We present this book to Italy, new and unknown from the Italian reader's point of view, which I live as a gift. We wish everyone to be infected by the deepest and most universal meaning of the word compassion; indeed, to become exegetes, coaches, advocates of every form of universal and mutual compassion! May everyone feel passion for compassion! Cheer everyone with empathy, for compassion in every form! Just as Thanh observes: "Because sharing is an active value, because only by sharing can we realize our potential, know our strengths and weaknesses." Many ancient and modern Italian authors would have greeted this book as a blessing. One for all, Silvio Pellico, who in his masterpiece of 1832, "Le mie prigioni" (My Prisons), effectively expresses this feeling of sweetness but above all of authentic, true compassion. A strong compassion even for his jailers and cellmates, a robust compassion even for the adverse times of his life. Silvio even thanks the enemy; he was held prisoner in Spielberg prison for ten years, but always seeking the deepest compassion in every action, even in extreme conditions. "Le mie prigioni" was judged by Minister Metternich who said to the Emperor the following sentence: "Majesty, this book is the greatest battle we have lost," because all Austrians saw, in the absence of any hatred towards the enemy, the deepest sign of compassion. I wish Thanh this happy fate: that this book be the battleship of compassion that will change the face of every reader!

Source: Mario Ferrari

Writer To Hoai is famous for his book De Men Adventure Ky (1941) written for children. Currently, "Crickets" have traveled all over the world. The story has been translated into many languages and published in many countries around the world. He is likened to the Andersen of Vietnam.

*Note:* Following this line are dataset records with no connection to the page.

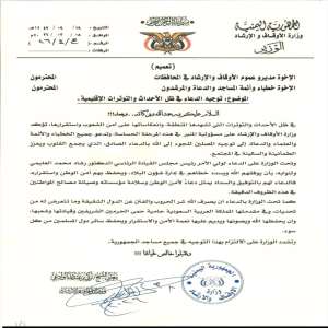 تعميم من الأوقاف إلى المساجد: الدعاء لقيادة الدولة والدول الشقيقة في ظل التوترات الإقليمية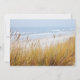 Mall för inbjudan till födelsedagsfest vid havet med sanddyner för män eller kvinnor som älskar havet. Anpassa texten på två platser med stor skrift högst upp - exempel, “Födelsedagsfest”, och tryckt text i blått längst ner. Designen är ett strandfoto med en sandig gång mellan de gräsbevuxna dynerna som leder till ett lugnt hav. Baksidan har också en bild av havsdyner.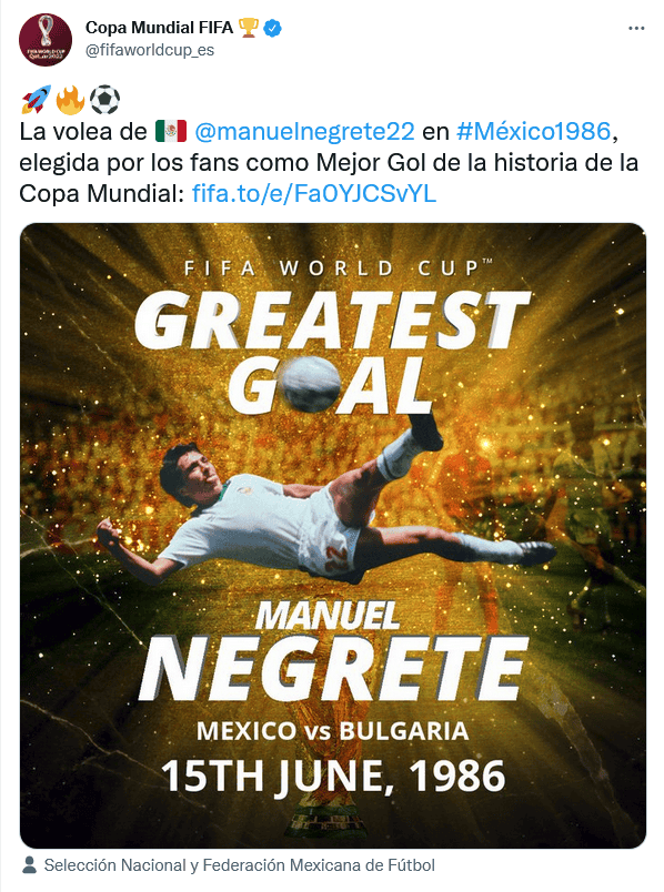 A solo 100 días para el Mundial de Qatar 2022, te dejamos 100 datos que debes saber de Copas del Mundo.El mejor gol anotado en la historia de los Mundiales fue anunciado el 8 de abril de 2018 por la FIFA, luego de que concluyera un concurso en el que estuvieron sometidos a votación una serie de tantos.Hace cuatro años, la FIFA informó que el tanto anotado por el mexicano Manuel Negrete en la fase de octavos de final de la Copa del Mundo de México 1986 fue elegido por los aficionados como el mejor de la historia de la justa.El gol de media volea de Manuel Negrete ante la Selección de Bulgaria (duelo que México se impuso por 2-0) triunfó en la votación en la que compitió contra otros 31 tantos de diferentes torneos.En aquella ocasión, la FIFA determinó que el mejor gol anotado en Copas del Mundo fuera elegido democráticamente, por lo que para muchos que no estuvieron de acuerdo con la decisión es solo el más popular.En la final por ser el mejor, la diana del encuentro disputado en el Estadio Azteca, se impuso al que el brasileño Éder marcó desde fuera del área al portero soviético Rinat Dasáev en España 1982.El mexicano también superó un gol de Pelé contra Suecia en el Mundial de 1958; el legendario gol de Maradona contra Inglaterra, también en el Mundial de México 1986; uno de Dennis Bergkamp contra Argentina en Francia 1998; el del argentino Maxi Rodríguez en Alemania 2006, incluso al de James Rodríguez contra Uruguay en Brasil 2014.La encuesta se realizó a través de la página de Facebook de la FIFA, y en ella participaron cientos de miles de seguidores desde el pasado 31 de marzo y hasta el 8 de abril de 2018.OF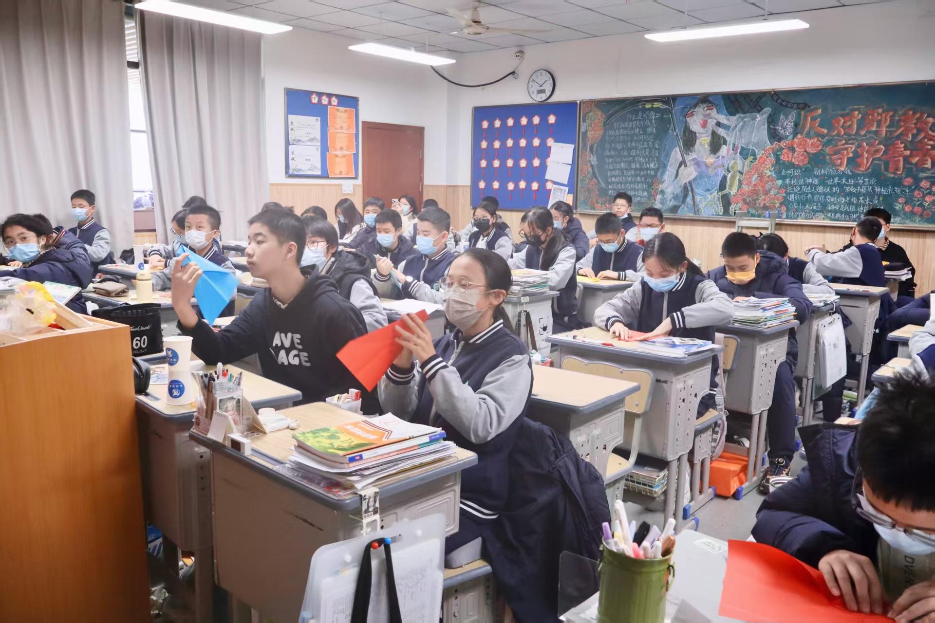 现场五彩纸飞机陆续升空,“中考加油”“前程似锦”等留言格外醒目。有位女生将纸飞机折成歼-20造型,直言“先飞纸的,再飞真的”;还有位男生写下“我也要考上北京航空航天大学”的志向,满是对理想的憧憬。

At first glance, she doesn't stand out when standing next to her Asian girls, I become more and more in the middle European women. Yet, people like look at you, especially like to peek, every time you say, or every time she laughs. Asian-style face Dong, round black eyes that can talk, the corner of his mouth when also fresh. Long, silky black hair, clear voice, Standard and flexible pronunciation even when I speak the language German and Vietnamese.